Transcribe the entries below without changing a word, and omit every picture.
————————
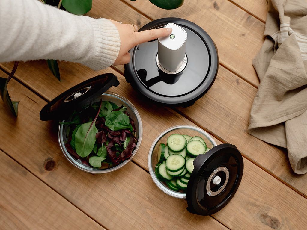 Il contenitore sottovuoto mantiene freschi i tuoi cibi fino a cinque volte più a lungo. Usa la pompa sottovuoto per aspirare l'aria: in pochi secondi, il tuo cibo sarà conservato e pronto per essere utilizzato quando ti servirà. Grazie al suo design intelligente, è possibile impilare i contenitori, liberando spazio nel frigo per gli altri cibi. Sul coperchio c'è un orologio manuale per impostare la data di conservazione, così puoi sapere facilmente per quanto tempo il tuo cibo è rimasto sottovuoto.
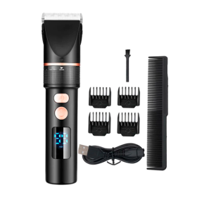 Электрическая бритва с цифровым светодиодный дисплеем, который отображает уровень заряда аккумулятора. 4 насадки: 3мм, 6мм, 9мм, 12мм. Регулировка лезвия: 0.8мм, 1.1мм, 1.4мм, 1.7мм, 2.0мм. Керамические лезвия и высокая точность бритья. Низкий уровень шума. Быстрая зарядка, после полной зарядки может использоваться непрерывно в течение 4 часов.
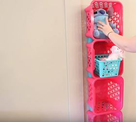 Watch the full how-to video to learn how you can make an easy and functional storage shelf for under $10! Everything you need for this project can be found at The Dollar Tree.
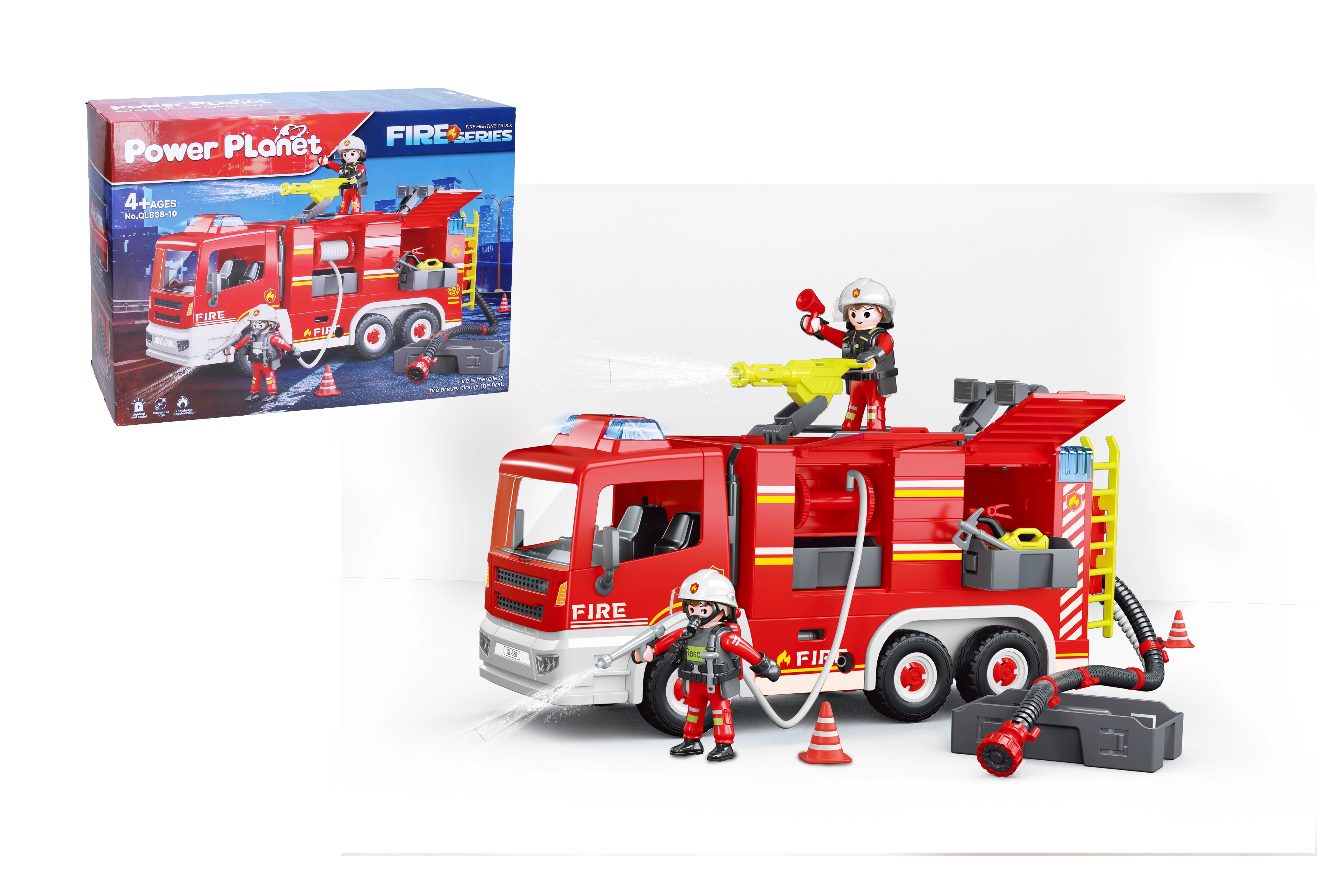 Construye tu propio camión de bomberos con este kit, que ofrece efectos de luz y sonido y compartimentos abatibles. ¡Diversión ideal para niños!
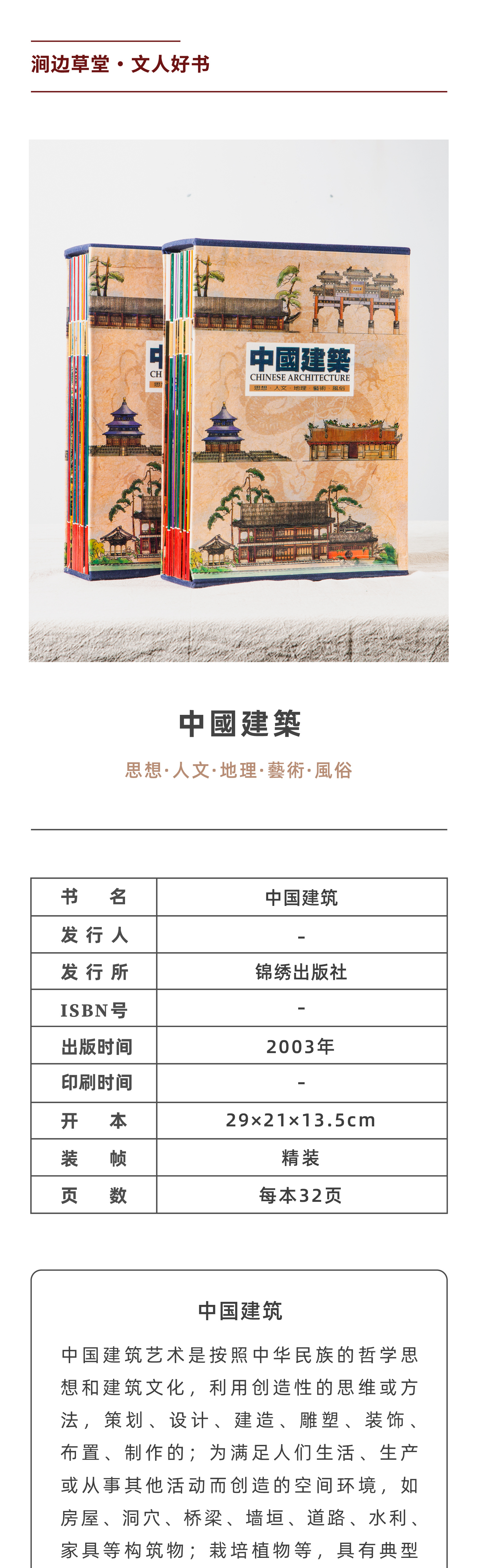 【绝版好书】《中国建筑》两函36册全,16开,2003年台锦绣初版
————————
TASK SOLUTION
 Il contenitore sottovuoto mantiene freschi i tuoi cibi fino a cinque volte più a lungo. Usa la pompa sottovuoto per aspirare l'aria: in pochi secondi, il tuo cibo sarà conservato e pronto per essere utilizzato quando ti servirà. Grazie al suo design intelligente, è possibile impilare i contenitori, liberando spazio nel frigo per gli altri cibi. Sul coperchio c'è un orologio manuale per impostare la data di conservazione, così puoi sapere facilmente per quanto tempo il tuo cibo è rimasto sottovuoto.
 Электрическая бритва с цифровым светодиодный дисплеем, который отображает уровень заряда аккумулятора. 4 насадки: 3мм, 6мм, 9мм, 12мм. Регулировка лезвия: 0.8мм, 1.1мм, 1.4мм, 1.7мм, 2.0мм. Керамические лезвия и высокая точность бритья. Низкий уровень шума. Быстрая зарядка, после полной зарядки может использоваться непрерывно в течение 4 часов.
 Watch the full how-to video to learn how you can make an easy and functional storage shelf for under $10! Everything you need for this project can be found at The Dollar Tree.
 Construye tu propio camión de bomberos con este kit, que ofrece efectos de luz y sonido y compartimentos abatibles. ¡Diversión ideal para niños!
 【绝版好书】《中国建筑》两函36册全,16开,2003年台锦绣初版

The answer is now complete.